There is a large and continually growing quantity of electronic text available, which contain essential human and organization knowledge. An important research endeavor is to study and develop better ways to access this knowledge. Text clustering is a popular approach to automatically organize textual document collections by topics to help users find the information they need. Adaptive Resonance Theory (ART) neural networks possess several interesting properties that make them appealing in the area of text clustering. Although ART has been used in several research works as a text clustering tool, the level of quality of the resulting document clusters has not been clearly established yet. In this paper, we present experimental results with binary ART that address this issue by determining how close clustering quality is to an upper bound on clustering quality.

Introduction

We consider the application of clustering to the selforganization of a textual document collection.

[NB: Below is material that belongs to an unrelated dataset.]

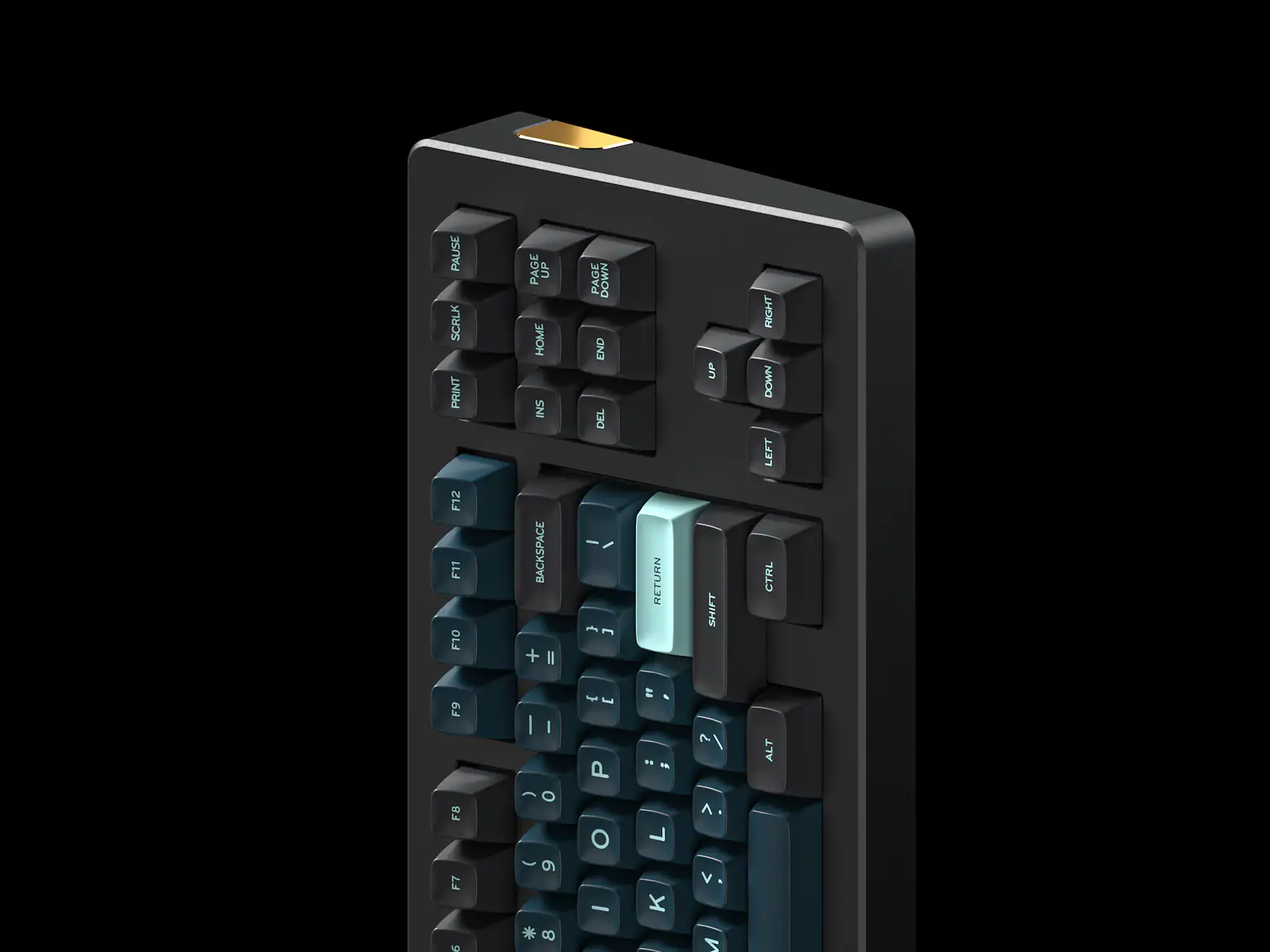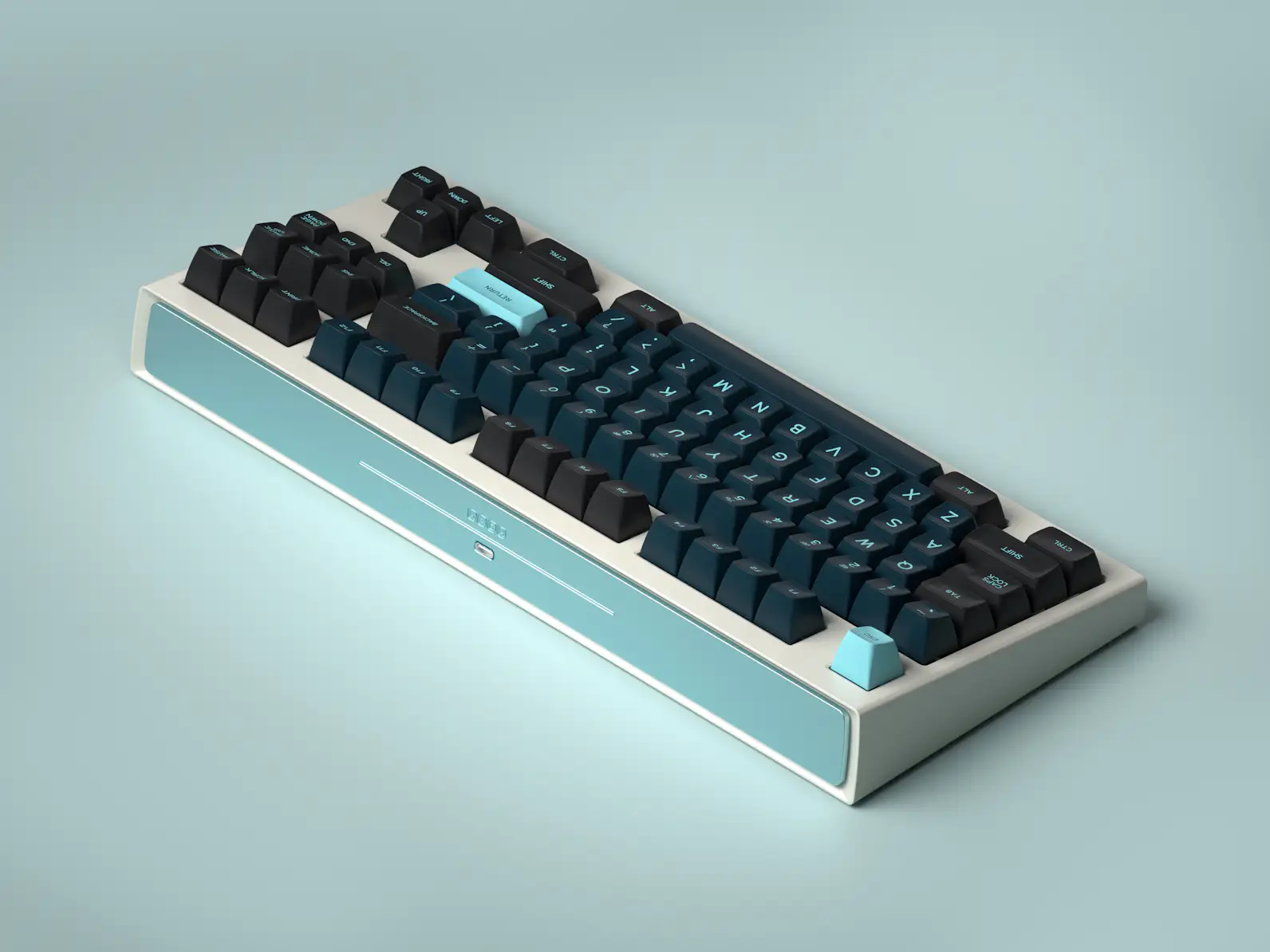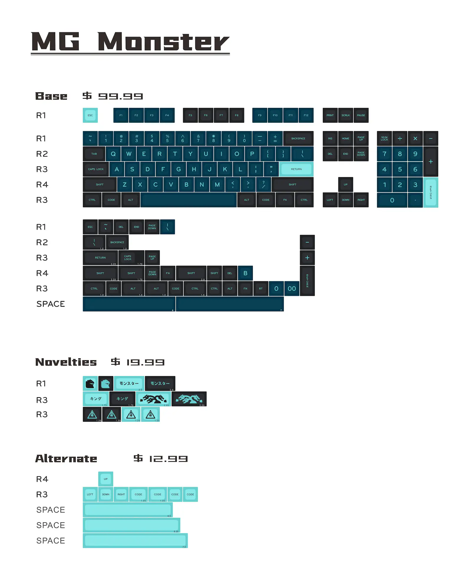 The colour way and theme were inspired by the film Hollywood version "Godzilla", dark tone keycaps with light blue fonts make this set of keycaps have a sense of mystery and also I created two cute monsters in the novelties kit, glad you guys will like them.

Clustering is the operation by which similar objects are grouped together in an unsupervised manner (Jain et al., 1999, Kaufman and Rousseeuw, 1990). Hence, when clustering textual documents, one is hoping to form sets of documents with similar content. Instead of exploring the whole collection of documents, a user can then browse the resulting clusters to identify and retrieve relevant documents. As such, clustering provides a summarized view of the information space by grouping documents by topics. Clustering is often the only viable solution to organize large text collections into topics. The advantage of clustering is realized when a training set and classes definitions are unavailable, or when creating them is either cost prohibitive due to the collection shear size or unrealistic due to the rapidly changing nature of the collection.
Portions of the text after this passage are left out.